まず、CPU131は、上述したステップ200によって読み込みが終了しているAAUの中から処理対象となる一のAAUを決定し(ステップ208)、このAAUがマスクフレームであるか否かを判定する(ステップ209)。マスキーとなっていない有音部分のサブバンドが一つでも含まれる場合にはマスクフレームではないため、この場合には否定判断が行われる。次に、CPU131は、処理対象となる一のサブバンドを決定し(ステップ210)、このサブバンドの音がマスキーであるか否かを判定する(ステップ211)。

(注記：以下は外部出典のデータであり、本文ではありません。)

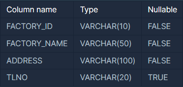 SELECT FACTORY_ID, FACTORY_NAME, ADDRESS # 컬럼 선택
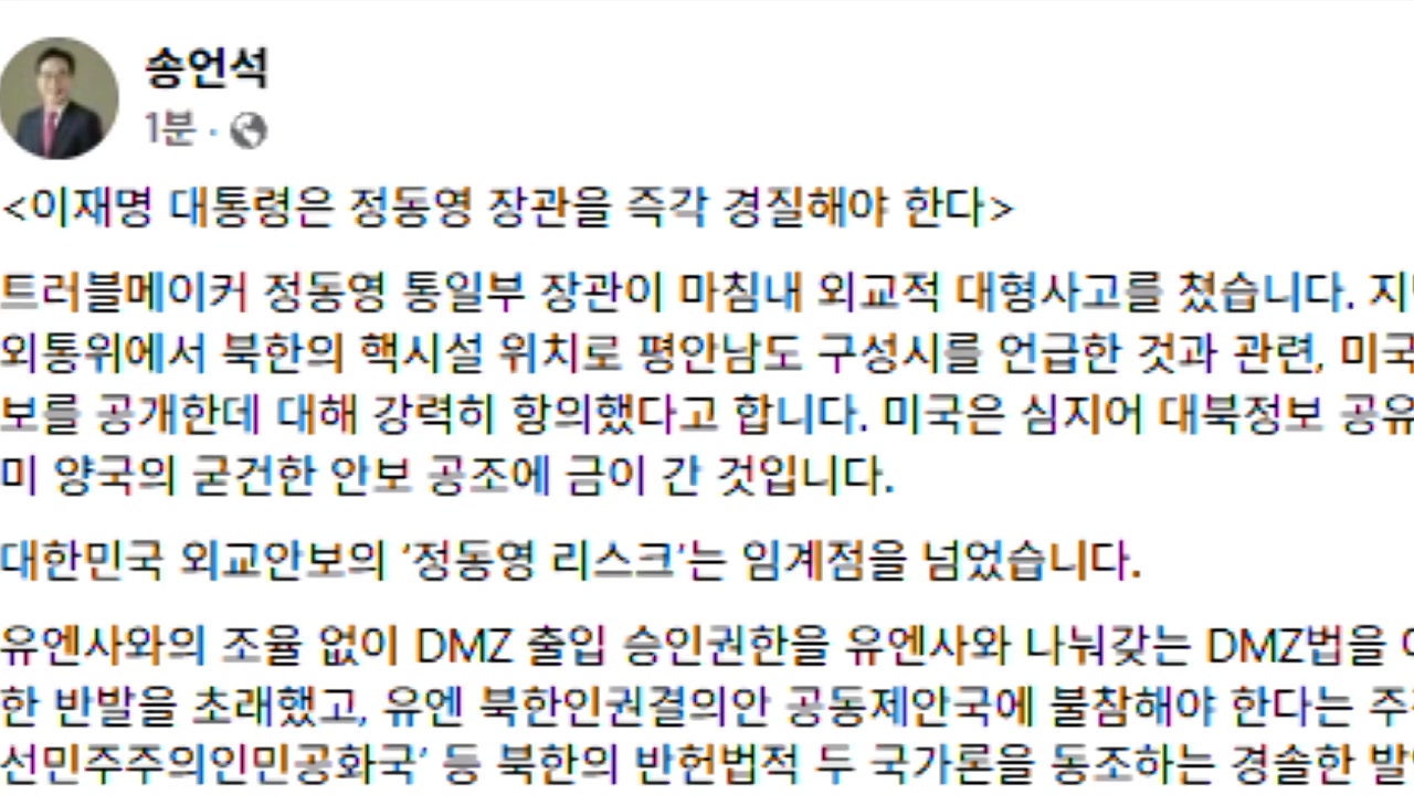 송 원내대표는 어제(18일) SNS에 미국이 민감한 북한 기밀정보를 공개한 데 대해 강력히 항의하고 대북정보 공유까지 제한하기로 했다고 한다며, 대한민국 외교·안보의 '정동영 리스크'가 임계점을 넘었다고 지적했습니다.
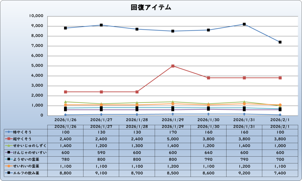 | せいれいの霊薬 | 1,100 | 100 | 10.0% | 1,000 |
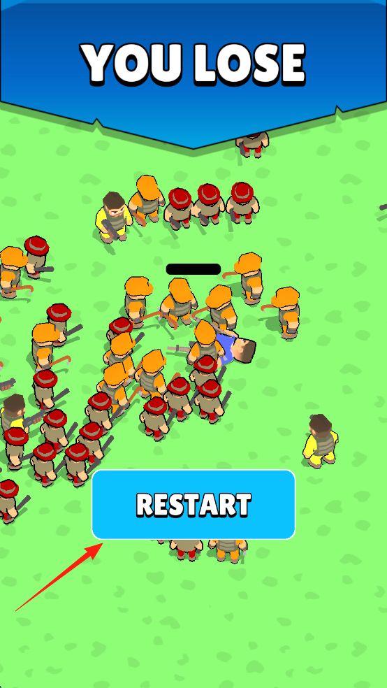 3、失败后,点击【RESTART】,调整策略(集中,分散),突破敌人包围,提升存活。
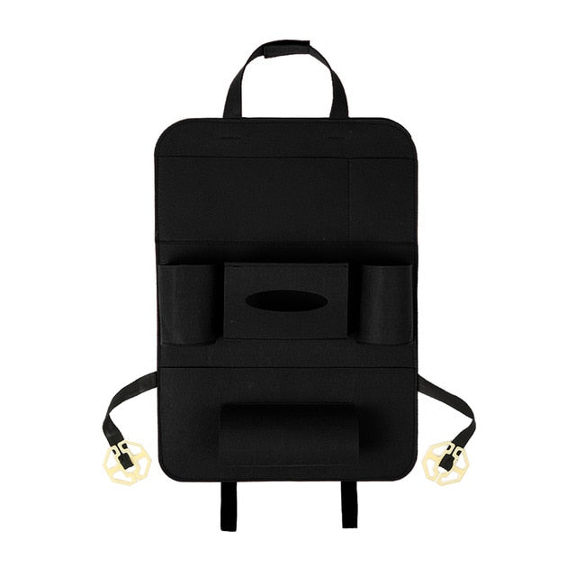 - Our backseat organizer is designed to perfectly hold your children's storage needs securely in place. Tissue holder wet wipes, snacks, headphones, bottles, crayons, umbrella; there is a place for them on this Car Backseat Organizer.
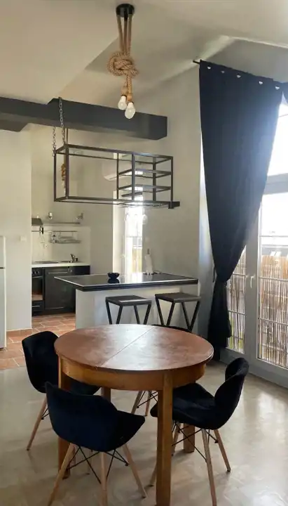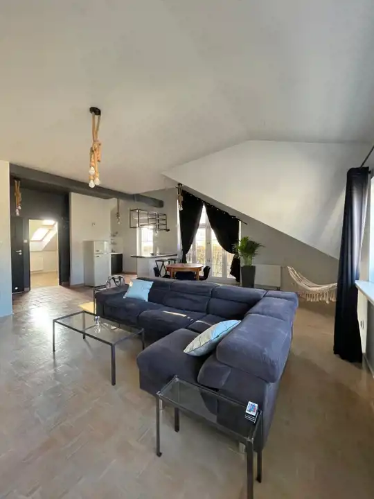 Mieszkanie częściowo z meblami ( w pokoju dziennym jest kanapa, komoda, stoliki okolicznościowe, stół, hamak). W sypialni jest szafa garderobiana, nie ma łóżka. Pokój gabinet bez mebli.
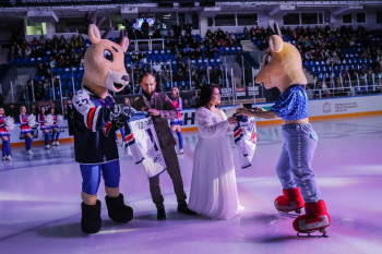 В День всех Влюбленных в Нагорном Дворце спорта впервые в хоккейном мире перед стартом матча «Торпедо» - «Сибирь» прямо на льду при поддержке Нижегородского Дома бракосочетания состоялась настоящая свадебная церемония!
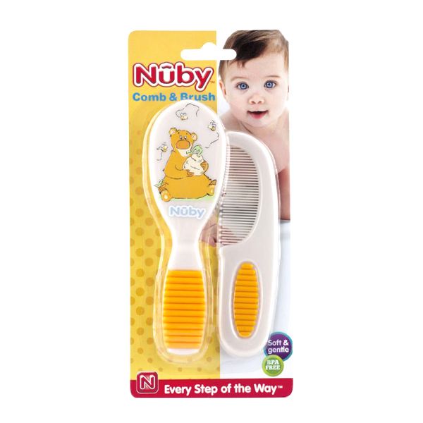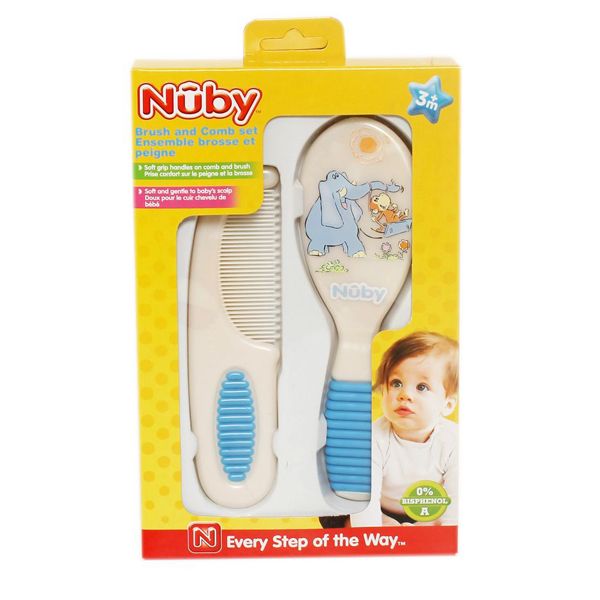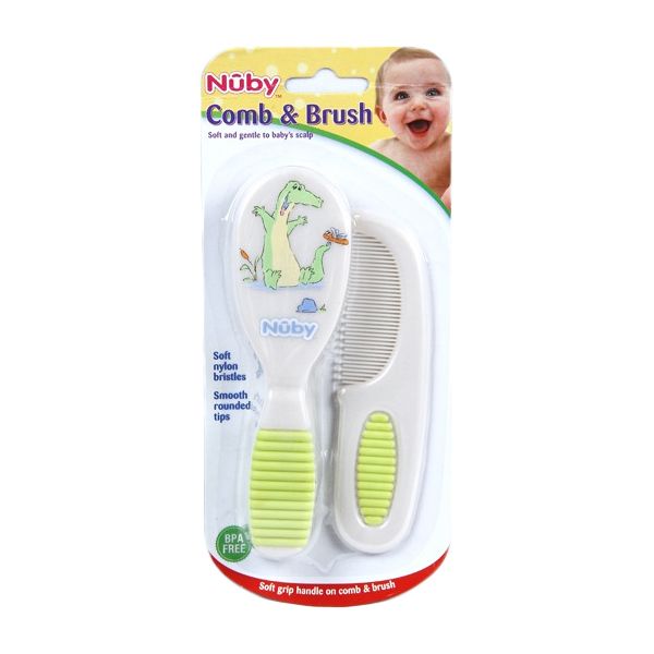 - Гребена и четката на Nuby са специално проектирани за лесно разресване. Меките найлонови влакна са нежни към бебешкия скалп.

マスキーでない場合には否定判断が行われ、次に、CPU131は、サンプルを抽出して(ステップ212)、既に抽出済みのスケール・ファクタや設定済みのバランス調整値等に基づいて逆正規化処理を実施する(ステップ213)。着目しているサブバンドに対応する逆正規化処理が終了した後、あるいは、着目しているサブバンドがマスキーである場合にはステップ211の判定において肯定判断を行った後、CPU131は、未処理のサブバンドが残っているか否かを判定する(ステップ214)。残っている場合には肯定判断が行われ、処理対象となる一のサブバンドを決定するステップ210以降の処理が繰り返される。また、未処理のサブバンドが残っていない場合にはステップ214の判定において否定判断が行われ、次に、CPU131は、未処理のAAUが残っているか否かを判定する(ステップ215)。合成対象となっているAAUの中に上述したステップ209〜214までの一連の処理が行われていない未処理のAAUが残っている場合には肯定判断が行われ、処理対象となる一のAAUを決定するステップ208以降の処理が繰り返される。
【0062】
また、合成対象となっている全てのAAUについて上述したステップ209〜214までの一連の処理が終了した場合には、ステップ215の判定において否定判断が行われる。次に、CPU131は、それぞれのAAU毎について、各サブバンド毎に逆正規化処理によって得られた周波数領域の波形データを用いて周波数逆変換処理および窓掛け処理を行って時間領域の波形データを得た後に(ステップ216、217)、この時間領域の波形データを複数のAAUについて合成する波形データの合成処理を行い(ステップ218)、合成後の非圧縮音声データを出力する(ステップ219)。
【0063】
このように、マルチトラック伸長装置130では、処理対象となっているAAU内の各サブバンドの成分がマスキーとなっている場合にはこの成分に対応する逆正規化処理が省略されるため、伸張処理全体の処理負担を軽減することができるとともに、処理の高速化が可能になる。特に、処理対象となっているAAUがマスクフレームの場合には、このAAU全体に対応する逆正規化処理が省略されるため、伸張処理全体の処理負担を大幅に軽減することが可能になる。
【0064】
なお、上述した説明では、処理対象となっている全てのAAU内のマスキーではない各サブバンドについて逆正規化処理(ステップ213)が終了した後に、各AAUに対する周波数変換処理(ステップ216)と窓掛け処理(ステップ217)を行ったが、AAU毎に逆正規化処理、周波数変換処理、窓掛け処理を行うようにしてもよい。この場合には、図9に示すステップ215の動作フローをステップ217とステップ218の間に移動すればよい。
【0065】
〔第2の実施形態〕
上述した第1の実施形態では、2つの圧縮音声データに対して別々に伸張処理を行って非圧縮音声データを得た後に合成処理を行ったが、伸張処理の内容によっては、完全に非圧縮音声データを得る前の中間データの段階で合成処理を行うことにより、伸張処理全体の簡略化を図ることができる。
【0066】
入力データaを出力データa′に、入力データbを出力データb′に変換するために行う伸長処理をFとすると、a′=F(a)、b′=F(b)と表すことができる。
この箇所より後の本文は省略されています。